I really can’t overemphasize the importance of this kind of careful preparatory work in a mother-daughter plant. Leaders in both congregations must foresee that the change for those joining the new work will be not only new (that’s true in all church plants) but also disruptively new. People will be shaken out of comfortably familiar patterns as they adjust to a new location, a new ministry context, different leadership, different ways of doing things, different needs, and a different congregational personality. They need time and help to anticipate the coming changes, to ask questions, and to start gearing up, not only mentally but also emotionally, for the new mission to which they are being called. It is a failure of leadership to downplay, ignore, or run roughshod over the expectations that people naturally have when coming out of a strong existing church—whether they expect less change or more change than will actually occur in the new work.

I should mention one other challenge we encountered after we launched Trinity. It’s a great blessing of the mother-daughter model to begin with a strong congregation. The challenge comes in allocating pastoral time between ministering to a large number of existing sheep and seeking the lost who have not yet been found. I’ve struggled in the four years since we planted Trinity to make time for seeking the unchurched and the underchurched. Unlike other contexts, in which an evangelist can focus almost exclusively on evangelism, it’s hard for a mother-daughter evangelist to spend lots of time with people who aren’t yet part of the church.
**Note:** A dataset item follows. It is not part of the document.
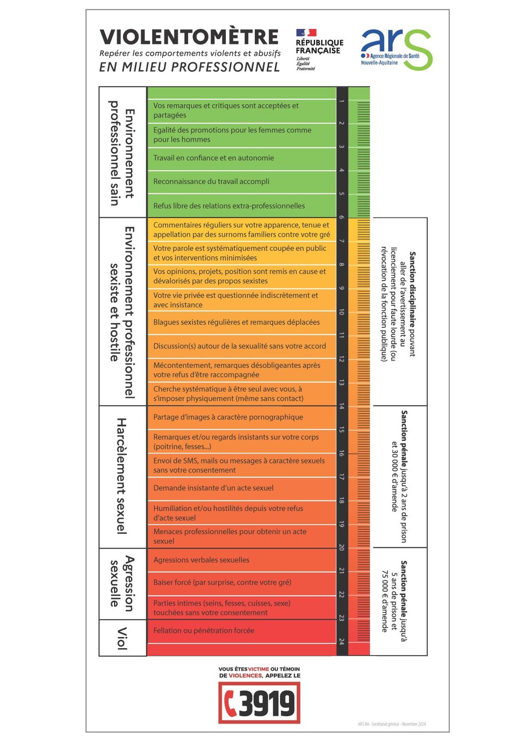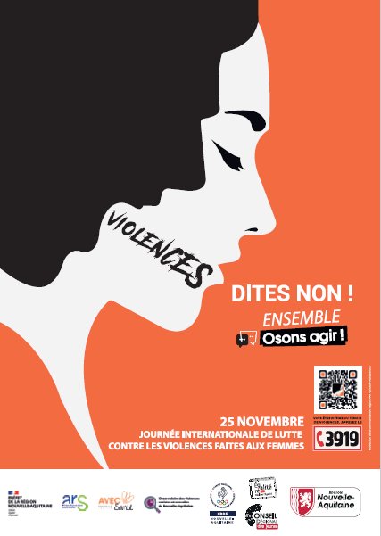 Depuis maintenant 6 ans, la Région mène une campagne de prévention et de sensibilisation grand public aux côtés des partenaires institutionnels et associatifs ; en parallèle elle s’attache à la diffuser en interne au plus près des personnels de la collectivité. Pour cette édition 2025, ont été associés les services de l’État (DRDFE - Délégation régionale aux droits des femmes et à l’égalité Nouvelle-Aquitaine, les trois rectorats de Nouvelle-Aquitaine), le Comité régional olympique et sportif de Nouvelle-Aquitaine (CROS), l’Observatoire régional des violences sexistes et sexuelles de Nouvelle-Aquitaine (ORVSS), l’Agence Régionale de Santé, l’Association Avec Santé et le CRJ, le Conseil Régional des Jeunes.

I don’t think this is a problem without a solution. If evangelism is in the DNA of the core group, then there are many sowers of the seed of the gospel. I continually tell our members that my job is to equip them to seek and disciple the lost. I’m not the star player on our team; I’m just a coach. They are the players who go out and gather in Jesus’ name.

It gives me great joy to say that they’re doing this, and our little flock is growing by God’s grace and largely by word of mouth. Last November we were able to move into a much larger facility (that is much less expensive!). We’re starting to fill it up, and are even in the early stages of talking about bringing on an intern/associate with a view to planting our first daughter church. God is good!